◆ ABOUT THIS TASK
The expected answer is the data below, printed verbatim without its pictures.

◆ DATASET EXTRACT

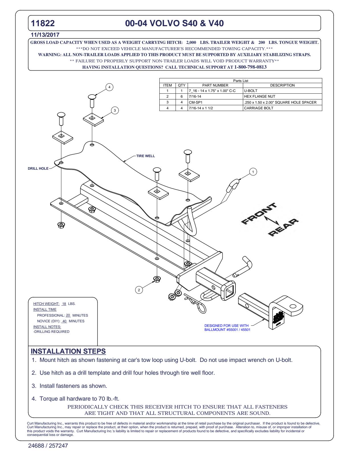 Connect to your lifestyle with a custom hitch receiver from CURT. All of our custom hitches are designed for a vehicle-specific fit, manufactured with pride, finished for industry-leading rust resistance and tested to rigorous SAE J684 standards for safety. This class 1 trailer hitch and ball mount combination is designed for a custom fit on select years of the Volvo S40 and V40 (see application info to verify fitment). The hitch integrates with the vehicle's frame and provides a useful and dependable 1-1/4" x 1-1/4" receiver. The receiver is perfect for attaching the included ball mount and towing a small trailer, or for adding cargo space with a hitch-mounted cargo carrier, bike rack or other accessory. This particular class 1 hitch is rated for 2,500 pounds gross trailer weight and 200 pounds tongue weight (never exceed the lowest-rated towing component). The ball mount included with this trailer hitch quickly and easily installs into the hitch receiver and has a 3/4" trailer ball hole (trailer ball not included). It can be mounted in the rise or drop position to promote level towing. Like all CURT custom hitches, this class 1 hitch is protected with our co-cured finishing process. It is descaled for a smooth surface, immersed in liquid A-coat for rust resistance inside and out, covered with a durable black powder coat and finally co-cured for an industry-leading rust, chip and UV-resistant shield. No matter where you're headed or which season of the year you’re towing in, this CURT hitch is equipped for long-lasting resilience to the elements. It features an open-back receiver for easy cleaning, and it comes with all the hardware necessary for the installation.
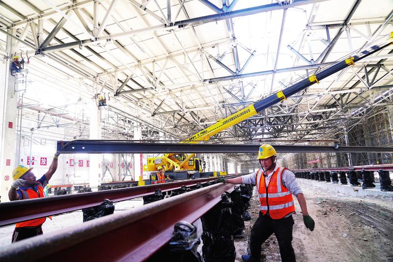 近日, 中铁七局西安公司承建的京张高铁北京北动车所检查库主体工程完工, 进入装修及设备安装阶段, 计划6月底前结束施工。北京北动车所将承担京张高铁动车组检修和整备等工作。图为5月6日施工现场。 李丹 摄
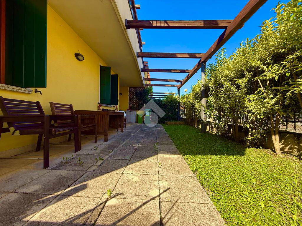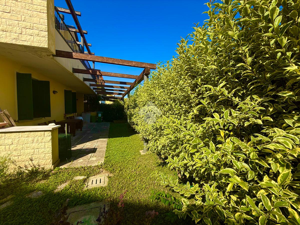 Ingresso indipendente che conduce al giardino privato, dotato di pompeiana esterna e zona relax all'aperto.
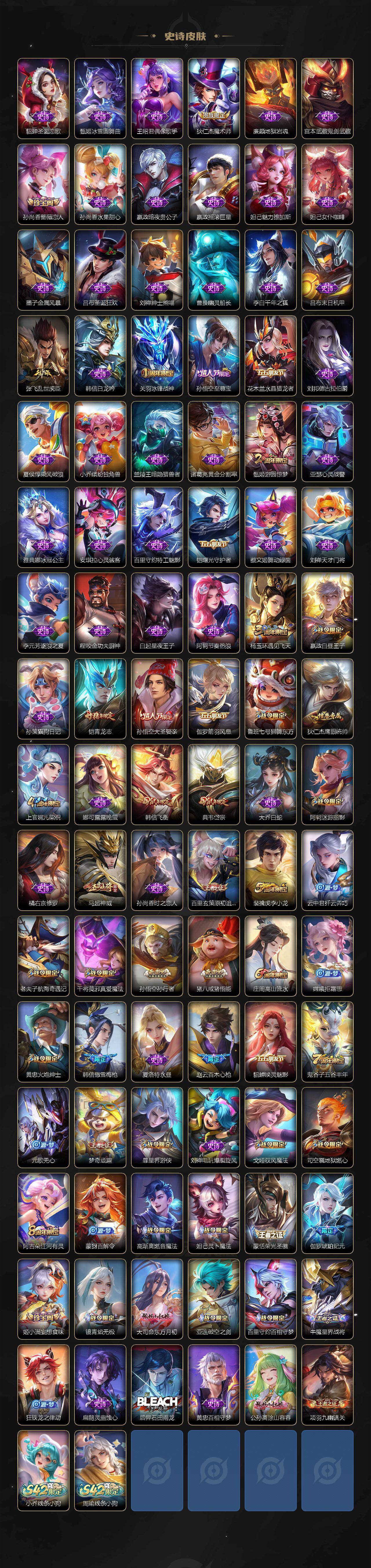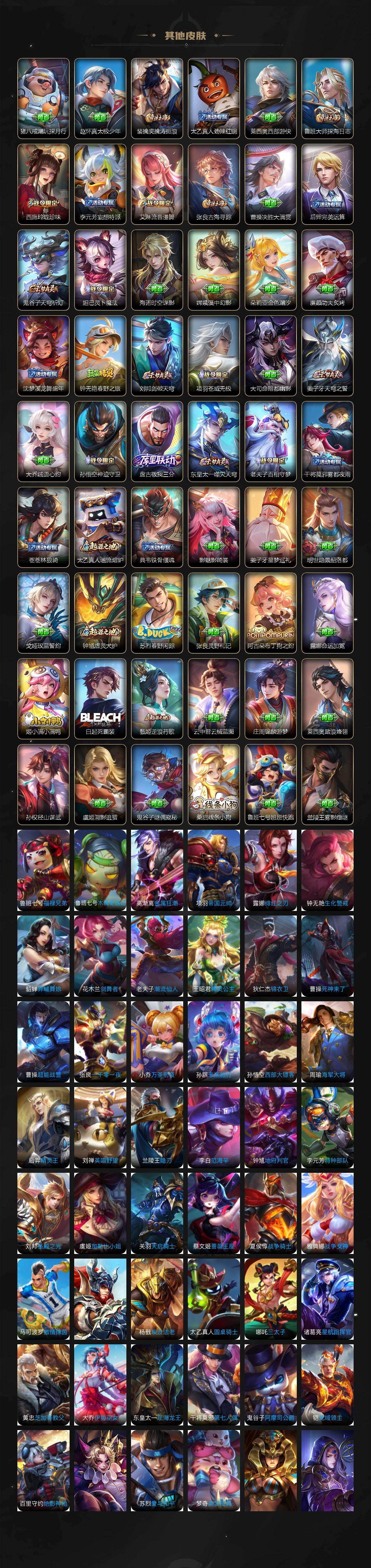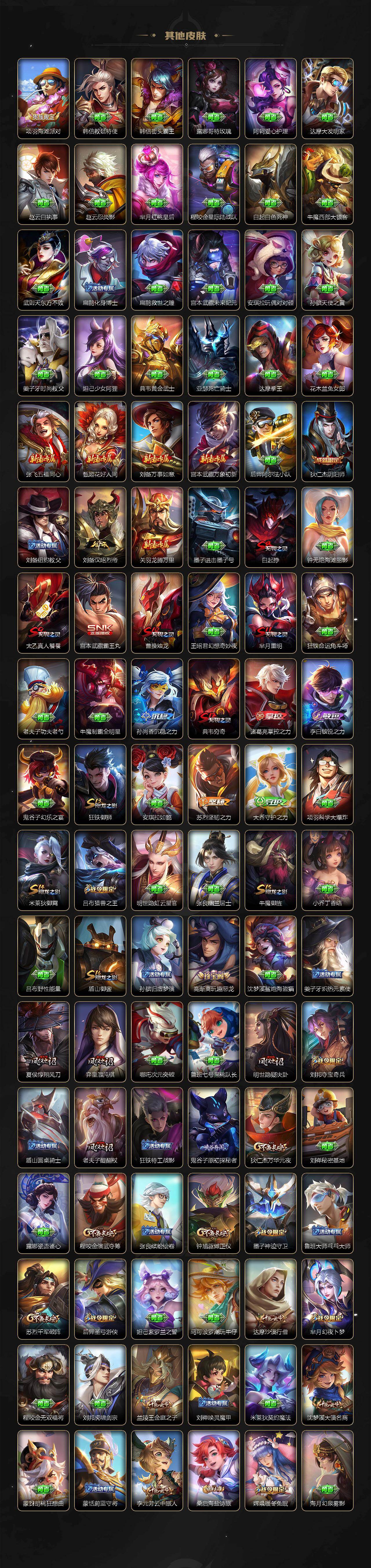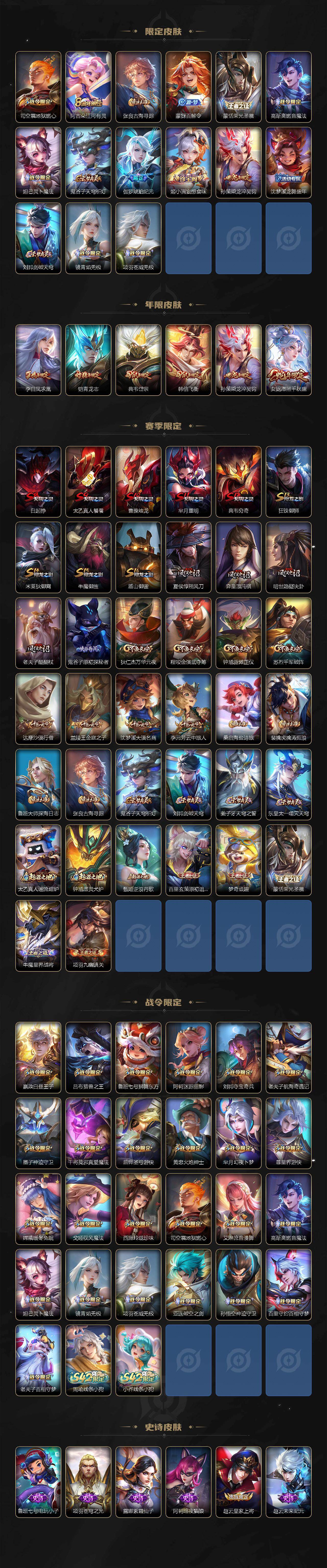 【限定皮肤】:白起狰,大乔绒语心约,姜子牙天穹之誓,狄仁杰阴阳师,赵云皇家上将,赵云百木心枪,墨子

◆ FINISHED TASK
 Connect to your lifestyle with a custom hitch receiver from CURT. All of our custom hitches are designed for a vehicle-specific fit, manufactured with pride, finished for industry-leading rust resistance and tested to rigorous SAE J684 standards for safety. This class 1 trailer hitch and ball mount combination is designed for a custom fit on select years of the Volvo S40 and V40 (see application info to verify fitment). The hitch integrates with the vehicle's frame and provides a useful and dependable 1-1/4" x 1-1/4" receiver. The receiver is perfect for attaching the included ball mount and towing a small trailer, or for adding cargo space with a hitch-mounted cargo carrier, bike rack or other accessory. This particular class 1 hitch is rated for 2,500 pounds gross trailer weight and 200 pounds tongue weight (never exceed the lowest-rated towing component). The ball mount included with this trailer hitch quickly and easily installs into the hitch receiver and has a 3/4" trailer ball hole (trailer ball not included). It can be mounted in the rise or drop position to promote level towing. Like all CURT custom hitches, this class 1 hitch is protected with our co-cured finishing process. It is descaled for a smooth surface, immersed in liquid A-coat for rust resistance inside and out, covered with a durable black powder coat and finally co-cured for an industry-leading rust, chip and UV-resistant shield. No matter where you're headed or which season of the year you’re towing in, this CURT hitch is equipped for long-lasting resilience to the elements. It features an open-back receiver for easy cleaning, and it comes with all the hardware necessary for the installation.
 近日, 中铁七局西安公司承建的京张高铁北京北动车所检查库主体工程完工, 进入装修及设备安装阶段, 计划6月底前结束施工。北京北动车所将承担京张高铁动车组检修和整备等工作。图为5月6日施工现场。 李丹 摄
 Ingresso indipendente che conduce al giardino privato, dotato di pompeiana esterna e zona relax all'aperto.
 【限定皮肤】:白起狰,大乔绒语心约,姜子牙天穹之誓,狄仁杰阴阳师,赵云皇家上将,赵云百木心枪,墨子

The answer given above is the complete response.